The next step to decrypt/crack our cipher would be the Turing test and here too, it would fail. Turing and his team relied on the fact that a limited amount of rotors and a substantial amount of data was present, which would allow them to identify frequencies and pattern that could possibly represent them in a natural language (German in this case). It also required that messages sent were using the same rotor settings and not changed for each message for a period of time. Our encryption uses for each message a different start permutation and each character uses a different permutation. With that each plaintext character has a 1/29 probability.

As we metioned above we now add a random key and use one column (in this case U, but it could be any of the available columns) to add a random character with each transposition character and apply modular arithmetic. This will prevent Shannon's Entropy or a Turing Test to crack our cipher and require a brute force attack, providing all possible characters that fit the length of our plaintext.

1. J(7) + Y(24) = 31(modular arithmetic) = 2(C)
2. V(4) + W(22) = 26(modular arithmetic) = 26(Z)
3. .................
4. .................
.................
12. Z(27) + L(11) = 38(modular arithmetic) = 9(H)

'*' Modulus 29

Do we have to send the key characters (column U), a point raised by some comments we received? If we look at the above table we know that this is not needed. Sender and recipient share a secret (Permutation of the Alphabet). The Sender supplies a code that will be used by the recipient to create the first permutation used for encryption and decryption. With that the recipient has the first part of the secret needed to decrypt the message (column U are in sink at both sites), the character Y. The second part needed is the cipher character C, which the sender provides.
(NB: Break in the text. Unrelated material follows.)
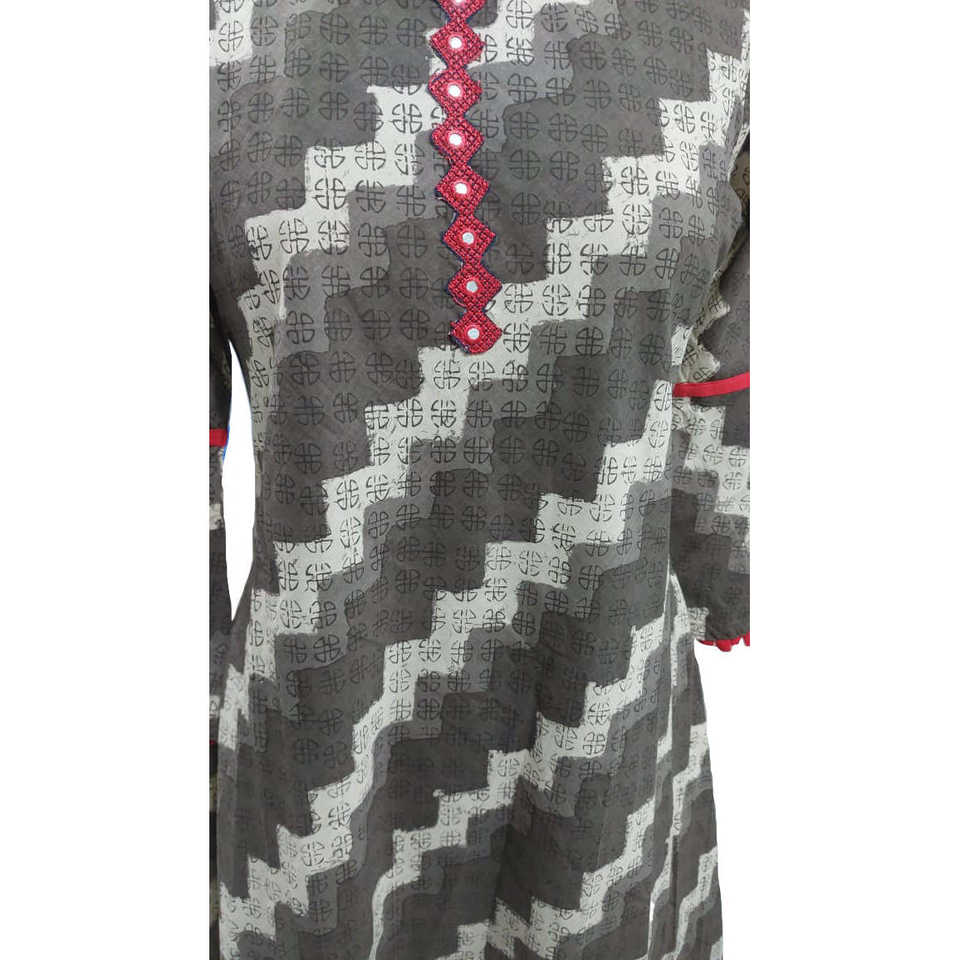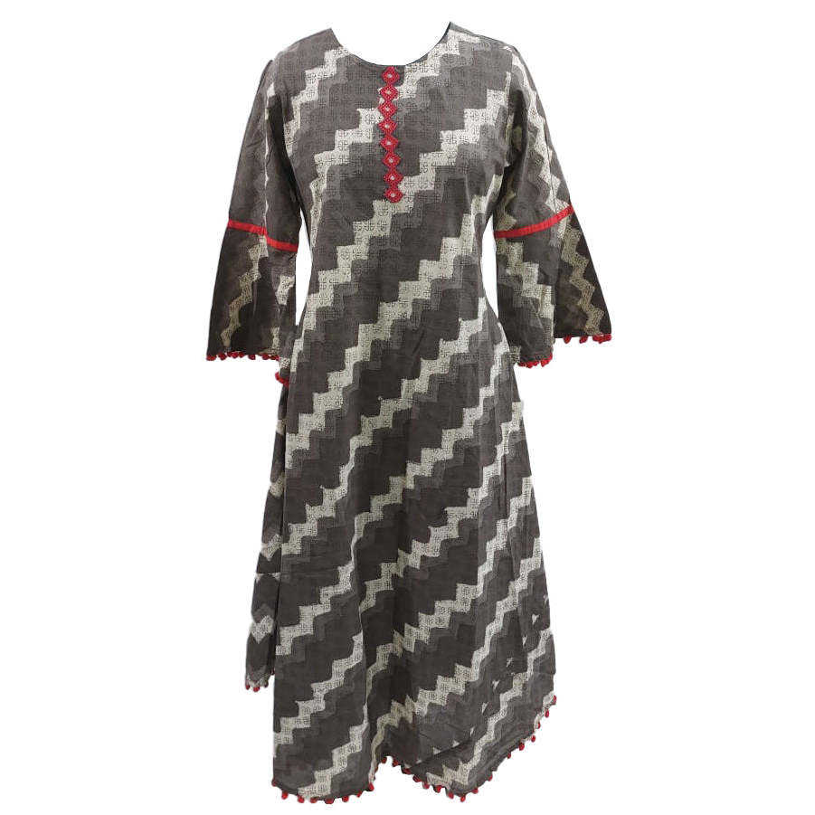 เสื้อคุर्ตาทรงเอไลน์ผ้าฝ้ายแคมบริกสีเบจสำหรับผู้หญิง พิมพ์ลายซิกแซกประดับกระจก ดีไซน์ทันสมัย สวมใส่สบาย ความยาว 46 นิ้ว

Now the recipient has only to reverse the modular arithmetic step and J will be the decrypted transposition character.

With character J we also have the information for the second permutation. All characters up to and including J move to the end of the permutation in reversed order and I becomes the first character in the second permutation. Sender and recipient's column (U) are back in sink and the next character is encrypted the same way.

At the end of the complete encryption we have a cipher that can be transmitted without a second transmission for the key. Now it doesn't matter if we look at Shannon's entropy or Alan Turing's test. Both have to go through all possible combinations, because the original plaintext has been turned into a random transposition string, with each character having a N=1 status. As we all know a random string of characters doesn't inherently hold patterns or frequencies that would be recognizable.

Of course we have to share a secret with the recipient of our encrypted message, but that isn't only confined to our system. Every encryption system relies on this fact. In public/ private encryption it is embeded in the encrypted message we send and in the so called secure EtoE ( end to end) encryption too. The differnce to our system is the secret (key) we have to share, which is a one time occasion. Our key depends on the alphabet we are using, either the hexadecimal (64 bits of key) or the binary (8 bits of key). Compare that with the current available systems and make your own judgement.

The only constant an attacker can rely on is that the lenght of the cipher fits the length of the original plaintext. A constant we will remove when we come to Compression & Encryption.